Summary
Following a consultation last year, the FCA and PRA have made some significant changes to the rules on variable remuneration that apply to certain senior individuals in dual-regulated firms. The new policy statement goes further than the original proposals, with one of the key changes being to allow bonuses to be paid sooner to Material Risk Takers (‘MRTs‘) than has previously been permitted. The new rules came into force with effect from 16 October 2025, allowing the affected firms to make immediate changes to their remuneration structures, should they choose to do so. The move was intended to align the UK approach more closely with other major jurisdictions and to simplify compliance with the remuneration rules. The FCA has stated that it is reviewing the effectiveness of its solo remuneration rules and will update in 2026 following industry and stakeholder engagement – so watch this space.
Which Firms Do These Changes Apply to?
These changes only apply to banks, building societies and PRA designated investment firms, whose remuneration practices are currently governed by the dual-regulated firms Remuneration Code (SYSC 19D in the FCA Handbook) and the remuneration part of the PRA Rulebook.
They do not apply to FCA solo-regulated firms whose remuneration practices are governed by the AIFM Remuneration Code (SYSC 19B), the UCITS Remuneration Code (SYCS 19E) and the MIFIDPRU Remuneration Code (SYSC 19G).
What Are the Key Changes?
- Deferral Period: The minimum period over which a proportion of bonus must be deferred is now 4 years for all MRTs. Previously, the deferral period was up to 7 years for individuals performing a Senior Management Function (‘SMFs‘).
- Earlier Vesting: Awards to SMFs will be allowed to vest on a pro-rata basis from the time of grant, rather than only starting to vest after 3 years.
- Proportion of Bonus that Must be Deferred Reduced: Previously, the proportion of bonus that had to be deferred was either 40% or 60% of the overall amount, depending on quantum of the bonus and seniority of the individual. A new marginal system has been introduced, meaning that 40% of any bonus up to £660,000 must be deferred, and 60% above that level. This ultimately means that a smaller proportion of the bonus must be deferred.
- More Flexibility to Pay Cash Up Front: It remains the case that bonuses must be split 50/50 between cash and non-cash instruments. The requirement that the upfront and deferred payments also had to be split 50/50 has now been removed, meaning that firms can choose to pay a greater proportion of cash up front and a greater proportion of the deferred bonus in non-cash instruments.
- Simplified Identification of MRTs: The process for identifying MRTs has also been simplified.

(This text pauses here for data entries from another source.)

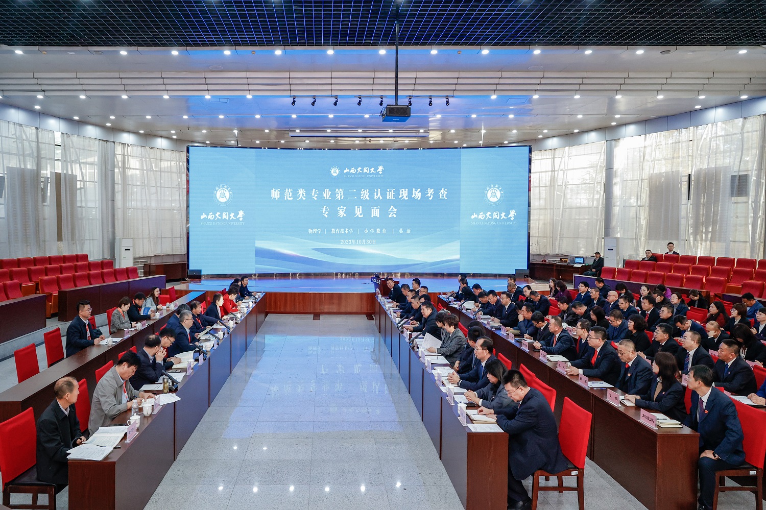 10月30日上午,专家见面会在慎思楼报告厅举行。联合认证专家组组长、小学教育专业专家组组长、江苏师范大学原副校长钱进,英语专业专家组组长、西南大学国际学院院长刘承宇,教育技术学专业专家组组长、东北师范大学教务处副处长赵长明,物理学专业专家组组长、云南师范大学评估中心原主任、本科教学督导团团长毕先均等16位专家,山西省委教育工作委员会主持日常工作的副书记(正厅长级)、省教育厅党组成员杨军,山西省教育厅教师工作处副处长李鹏,山西教育杂志社主编王刚,大同市政府副秘书长曹晖,大同市委教育工作委员会委员、市教育局党组成员、总督学李文丽,全体校领导出席会议。相关职能部门负责人、认证专业所在学院班子全体成员及专业负责人、其他师范类专业所在学院党政负责人参加会议。
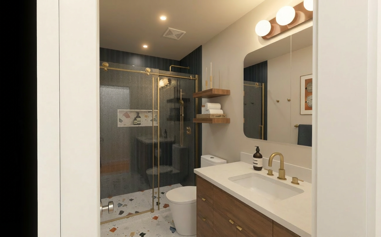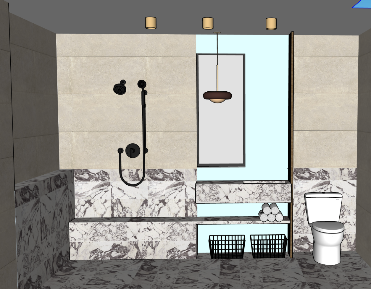 use this exact image as the base do not change layout and architecture placement of shower bench toilet and vanity window location to the left of the vanity mirror placement overall proportions and camera angle apply the following material and design enhancements materials apply calacatta marble to the shower walls bench and bathroom floor large slab look minimal grout lines high end soft polished finish not overly glossy warm white base with elegant gray veining keep upper wall areas in a soft warm neutral plaster or large format tile light creamy tone introduce subtle contrast between marble and upper wall for depth vanity wall maintain mirror centered on wall add a single pendant hanging on the right side of the mirror warm aged brass or bronze finish soft frosted or opal glass globe minimal modern spa like design keep window to the left of the vanity add soft diffused daylight coming through not bright slightly muted lighting very important create a moody spa lighting environment add soft recessed ceiling lighting warm temperature 2700k dimmed low gentle ambient glow not bright or flat pendant emits a warm soft glow focal lighting add subtle indirect lighting under bench or behind vanity for a soft floating effect lighting should be layered soft highlights on marble gentle shadows in corners no harsh or even lighting color tone slightly desaturate overall tones for a calm spa like palette add warmth to materials no cool blue lighting atmosphere moody but serene soft shadow gradients calm quiet high end spa feel add subtle steam haze effect in the shower area for atmosphere very light not foggy styling add minimal spa styling rolled white towels on bench or shelf simple vessel or tray with neutral accessories keep clean and uncluttered overall style luxury spa bathroom moody warm and calming high end resort wellness retreat aesthetic
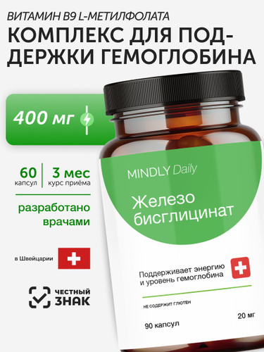 Железо бисглицинат 20 мг, 60 капсул, БАД MINDLY Daily Iron, легкоусвояемое железо для поддержки энергии, кроветворения и иммунной системы, для женщин и мужчин
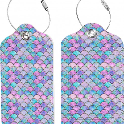 2 Pack Luggage Tags for Suitcase Watercolor Mermaid Fish Scale Wave Leather Stainless Steel Loop Label Tags for Women Men Travel Bag Suitcase with Privacy Cover Name ID Card
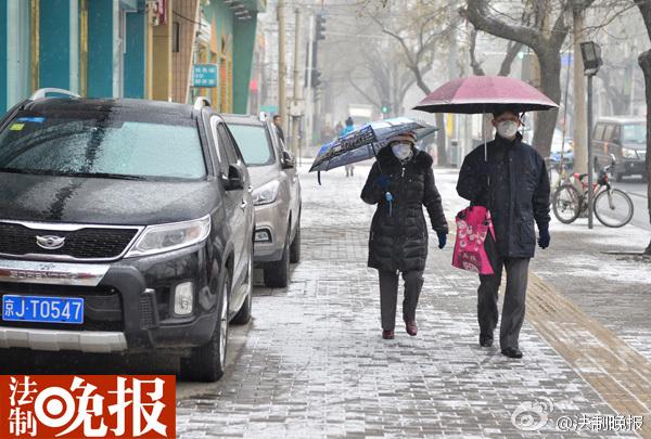 北京城区飘雪 气象局:出行尽量打伞 雪很脏
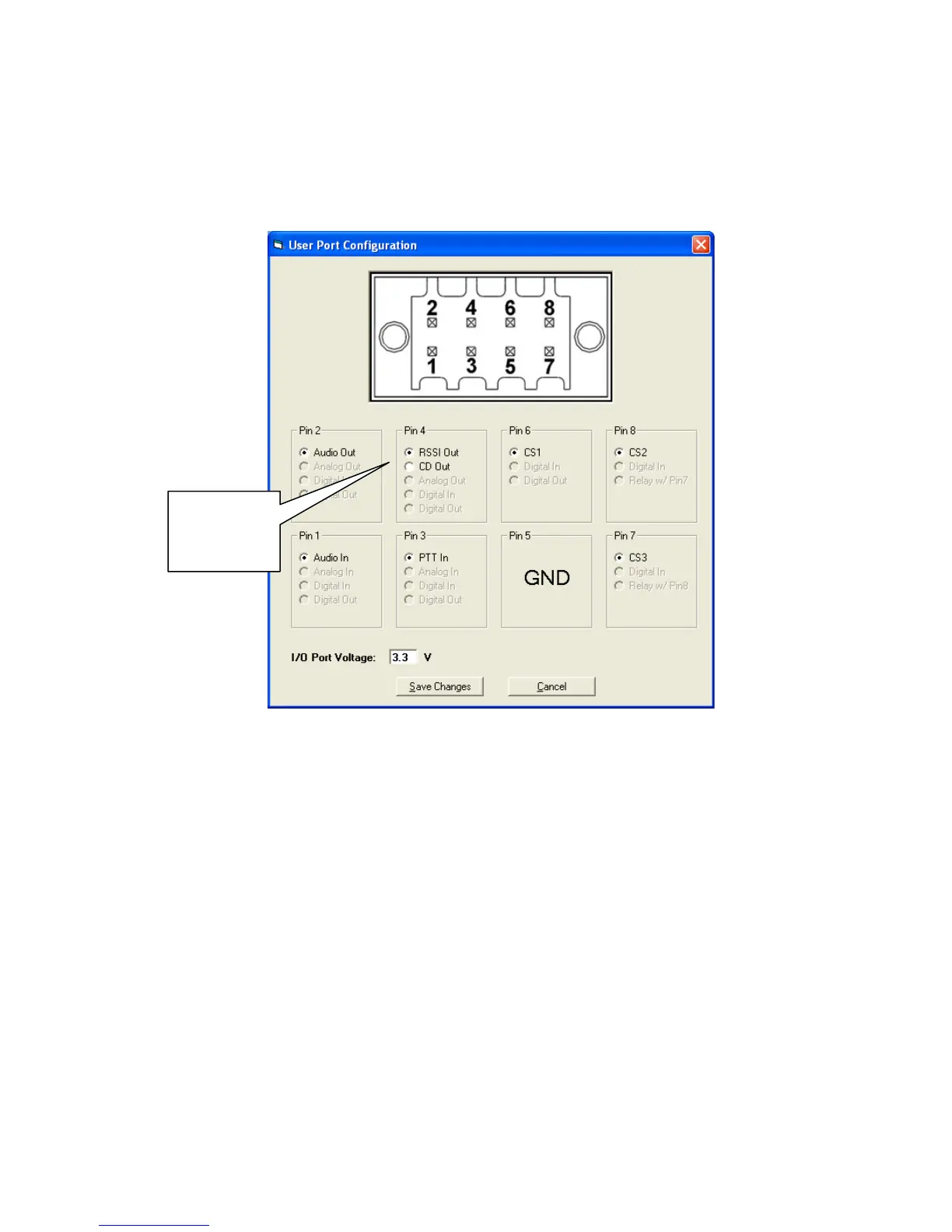 The User Port pin-out configuration can be displayed by clicking the User Port Configuration in the User Configuration

When Do the Changes Come into Force?
The changes summarised above came into effect on 16 October 2025 and will apply for performance years that start after this date. The FCA and PRA have stated that firms may apply the new rules on an optional basis to the current performance year and/or to remuneration that has been awarded in previous performance years but not yet vested. Firms will need to decide whether or not to apply the rules for any in-flight performance year.